(Stored items from a collection)
════

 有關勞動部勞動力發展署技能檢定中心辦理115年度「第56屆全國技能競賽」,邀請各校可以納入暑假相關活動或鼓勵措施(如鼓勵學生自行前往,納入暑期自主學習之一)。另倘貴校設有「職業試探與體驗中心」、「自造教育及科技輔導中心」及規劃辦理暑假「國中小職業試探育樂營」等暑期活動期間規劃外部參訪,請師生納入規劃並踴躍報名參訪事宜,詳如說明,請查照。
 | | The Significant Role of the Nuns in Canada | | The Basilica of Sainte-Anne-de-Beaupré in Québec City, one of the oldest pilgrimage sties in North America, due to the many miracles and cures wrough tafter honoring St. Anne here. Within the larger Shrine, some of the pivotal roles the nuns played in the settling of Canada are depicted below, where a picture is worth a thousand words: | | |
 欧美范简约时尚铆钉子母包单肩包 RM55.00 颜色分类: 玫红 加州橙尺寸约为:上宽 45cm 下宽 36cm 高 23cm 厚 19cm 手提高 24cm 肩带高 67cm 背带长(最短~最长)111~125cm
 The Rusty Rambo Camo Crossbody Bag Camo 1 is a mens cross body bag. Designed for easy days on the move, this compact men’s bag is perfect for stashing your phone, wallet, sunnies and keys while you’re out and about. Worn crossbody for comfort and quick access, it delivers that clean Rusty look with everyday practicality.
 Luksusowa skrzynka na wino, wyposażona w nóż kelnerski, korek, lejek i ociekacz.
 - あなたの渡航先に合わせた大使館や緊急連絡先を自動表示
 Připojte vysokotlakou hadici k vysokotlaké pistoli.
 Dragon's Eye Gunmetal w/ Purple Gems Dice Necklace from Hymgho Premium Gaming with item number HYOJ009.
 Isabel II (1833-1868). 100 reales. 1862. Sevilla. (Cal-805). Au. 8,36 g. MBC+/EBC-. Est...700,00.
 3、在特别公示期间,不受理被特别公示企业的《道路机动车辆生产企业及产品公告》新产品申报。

════

In the answer, return exactly the lines from the line containing "Isabel II (1833-1868)." to the end of the records above, and no others.

→ **Output for this exercise**:
 Isabel II (1833-1868). 100 reales. 1862. Sevilla. (Cal-805). Au. 8,36 g. MBC+/EBC-. Est...700,00.
 3、在特别公示期间,不受理被特别公示企业的《道路机动车辆生产企业及产品公告》新产品申报。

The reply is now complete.